* To do:
In this exercise, retype exactly and only the lines from the top of the entries below through the line that holds "Incorpora un mecanismo", omitting pictures.

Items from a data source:
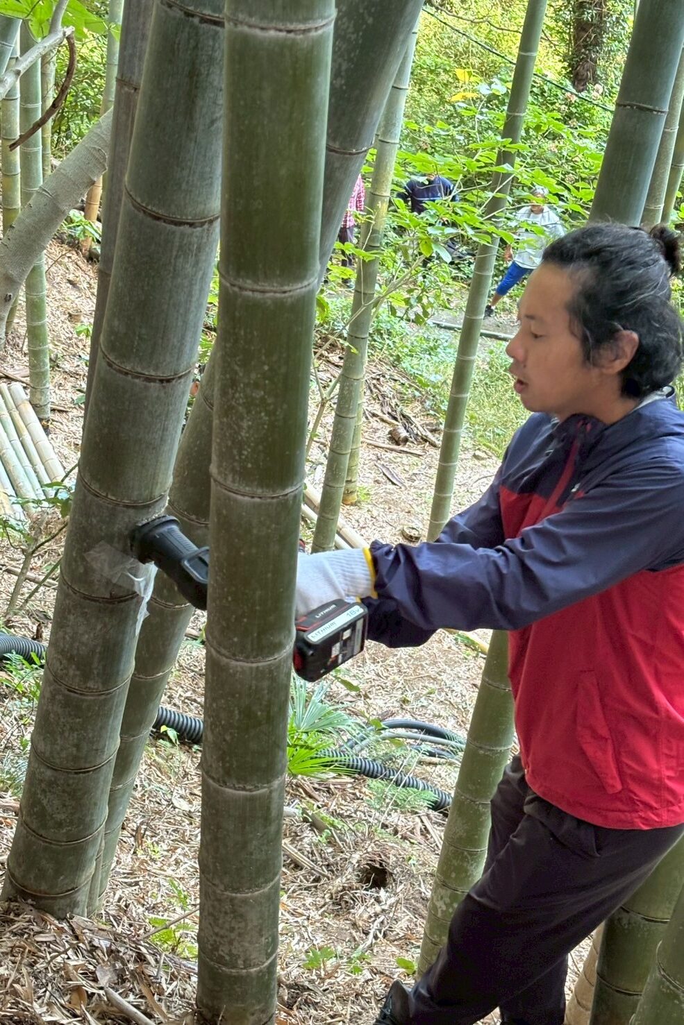 Papasの朝は、竹の採取からスタートです。
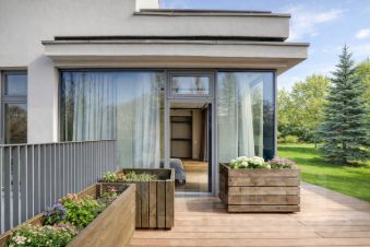 Невозможно не отметить потрясающие панорамные окна, сделанные на заказ и возможность выйти на летнюю Веранду прямо из гостиной.
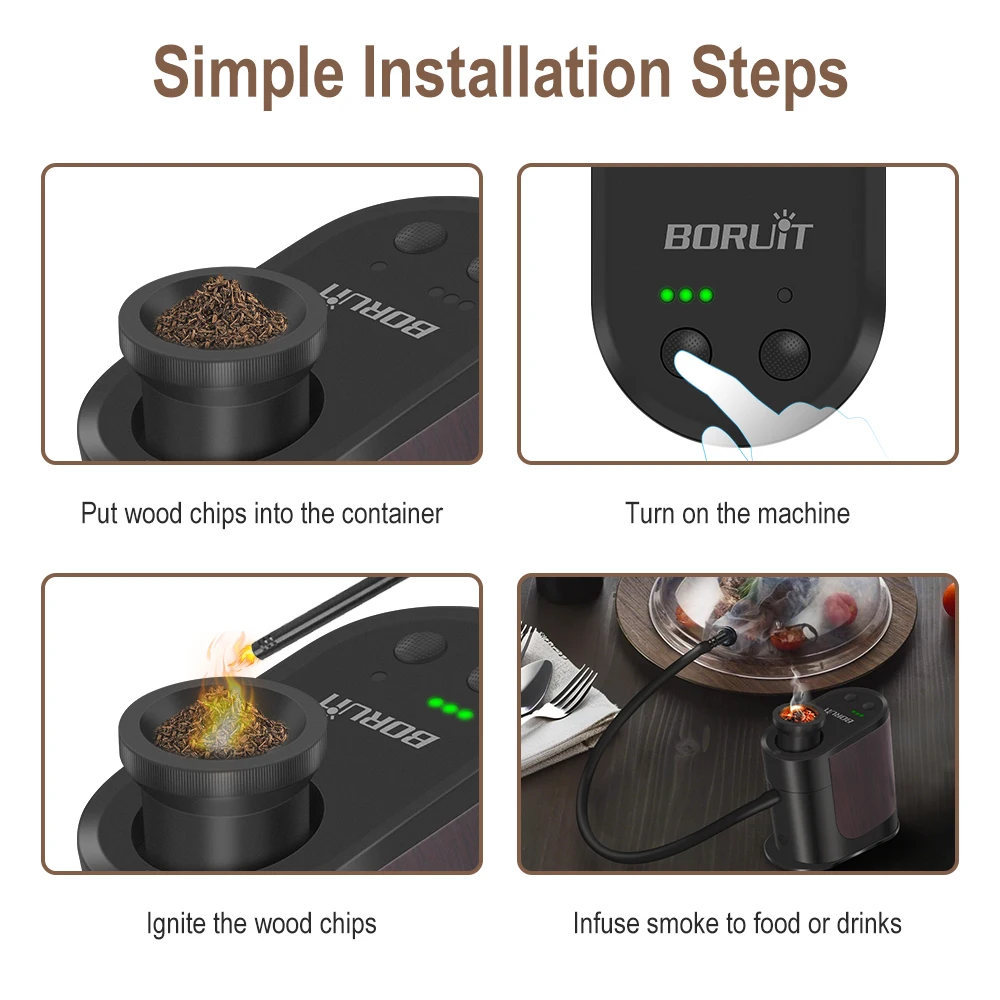 Portable and Durable Smoking Gun Measuring 12*12*26.4CM and packaged in a compact 186*161*77MM box, the BQ500 Smoker Machine is easy to carry and store. Its waterproof design ensures durability, making it a must-have for molecular gastronomy enthusiasts. Quickly infuse your food and drinks with smoky flavors using various wood chips, teas, herbs, spices, hay, and dried flowers.
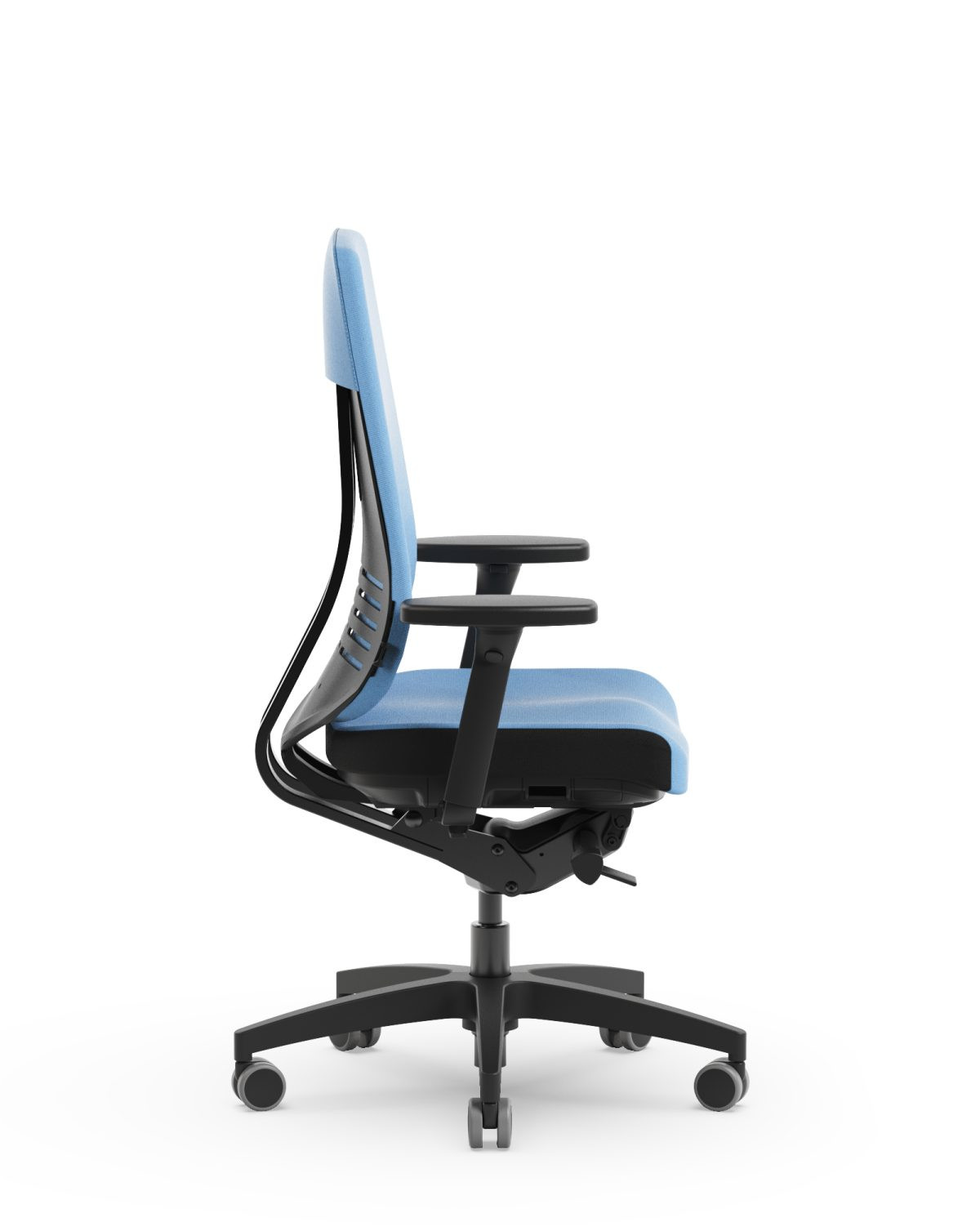 Incorpora un mecanismo sincronizado avanzado, con regulación lateral de la tensión de inclinación. Además, su sistema de cuadrilátero articulado permite que el asiento al inclinarse lo haga respecto a un un eje de giro virtual situado en las rodillas. Esto hace que la distancia de las rodillas al suelo permanezca constante.
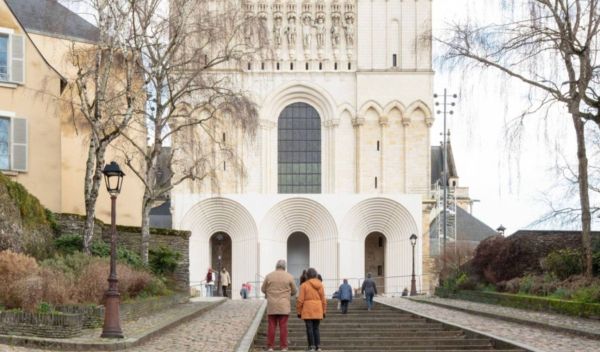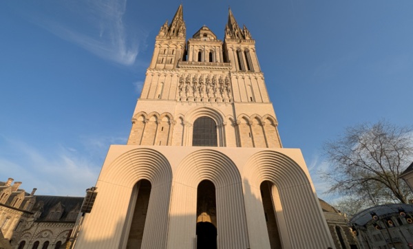 Aucune cathédrale n’est homogène, et celle d’Angers en constitue une illustration particulièrement lisible : sur sa façade se superposent des éléments bâtis à des périodes différentes, du XIe au XVIe siècle, traduisant une succession de strates architecturales et stylistiques. Dans cette perspective, l’ajout d’une galerie contemporaine ne constitue pas une rupture, mais s’inscrit dans la continuité d’un édifice dont l’histoire s’écrit par ajouts successifs.
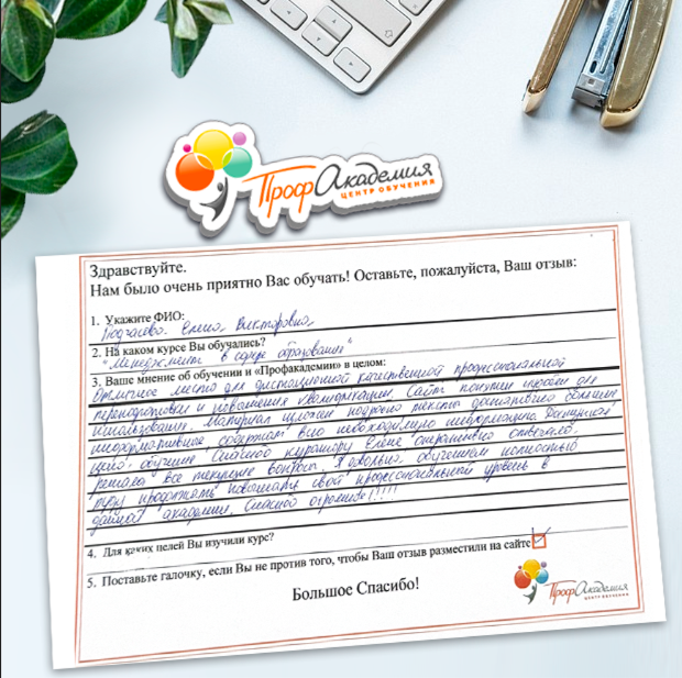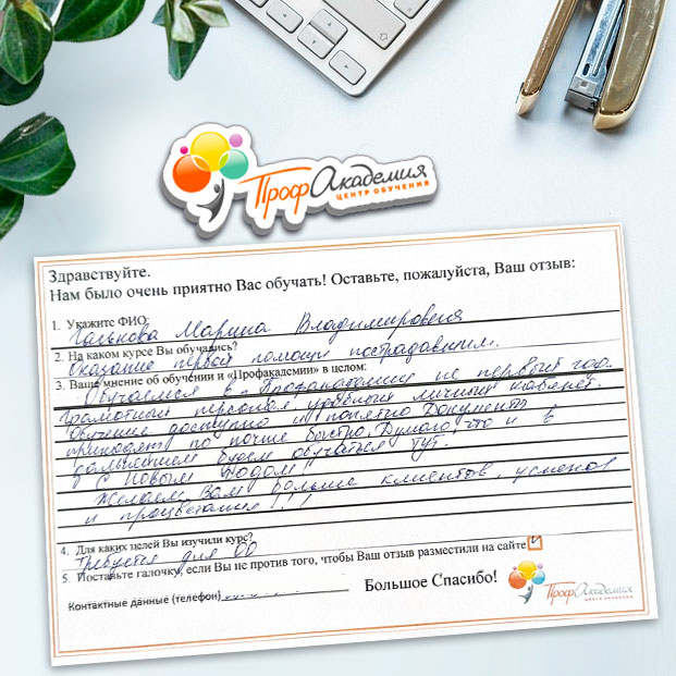 Хочу выразить огромную благодарность всей группе Профакадемии. Понравилось все. Вся информация об обучении находится в доступной форме. Очень боялась когда нашла обучение, но все оказалось намного проще. Надеюсь все что изучила за время обучения станет замечательным фундаментом для моей новой жизни.

* Result:
 Papasの朝は、竹の採取からスタートです。
 Невозможно не отметить потрясающие панорамные окна, сделанные на заказ и возможность выйти на летнюю Веранду прямо из гостиной.
 Portable and Durable Smoking Gun Measuring 12*12*26.4CM and packaged in a compact 186*161*77MM box, the BQ500 Smoker Machine is easy to carry and store. Its waterproof design ensures durability, making it a must-have for molecular gastronomy enthusiasts. Quickly infuse your food and drinks with smoky flavors using various wood chips, teas, herbs, spices, hay, and dried flowers.
 Incorpora un mecanismo sincronizado avanzado, con regulación lateral de la tensión de inclinación. Además, su sistema de cuadrilátero articulado permite que el asiento al inclinarse lo haga respecto a un un eje de giro virtual situado en las rodillas. Esto hace que la distancia de las rodillas al suelo permanezca constante.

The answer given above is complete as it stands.